▶ [WHAT IS EXPECTED] A verbatim repeat of the lines below is required, with the pictures removed.

▶ [DATA BLOCK]
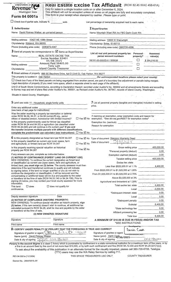 | 1 | 05/03/2025 | WD | Warranty Deed | WALKER, DAVID P | MOUNTAIN WEST IRA INC | | | $400,000.00 | 63401 | 4585517 |
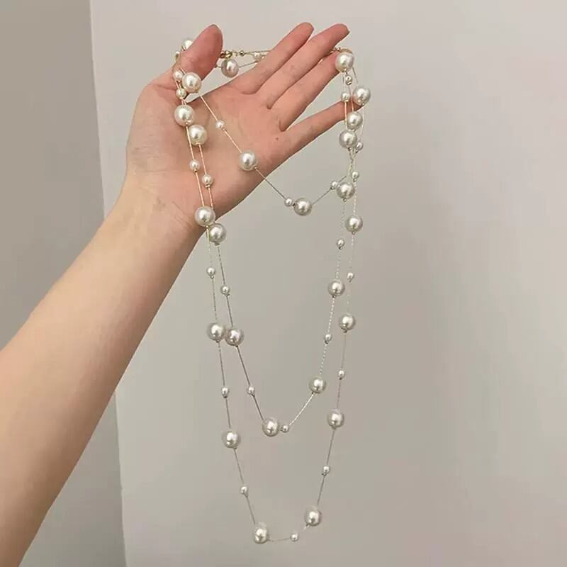 ◎【送料無料】パール 首飾り ネックレス 多層 アクセサリー ジュエリー 韓国風 ファッション シンプル
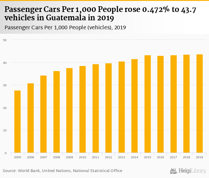 Passenger cars per 1,000 people rose 0.472% to 43.7 vehicles in Guatemala in 2019, according to the National Statistical Office.
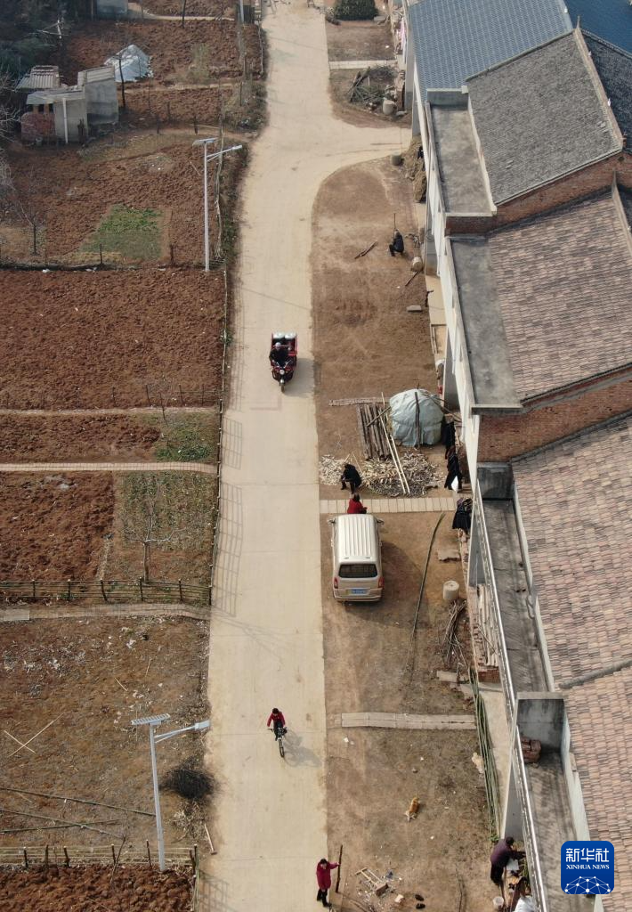 2月6日,庞富强骑着三轮车在里峪湾村为村中老人送午饭(无人机照片)。

▶ [TASK OUTPUT]
 | 1 | 05/03/2025 | WD | Warranty Deed | WALKER, DAVID P | MOUNTAIN WEST IRA INC | | | $400,000.00 | 63401 | 4585517 |
 ◎【送料無料】パール 首飾り ネックレス 多層 アクセサリー ジュエリー 韓国風 ファッション シンプル
 Passenger cars per 1,000 people rose 0.472% to 43.7 vehicles in Guatemala in 2019, according to the National Statistical Office.
 2月6日,庞富强骑着三轮车在里峪湾村为村中老人送午饭(无人机照片)。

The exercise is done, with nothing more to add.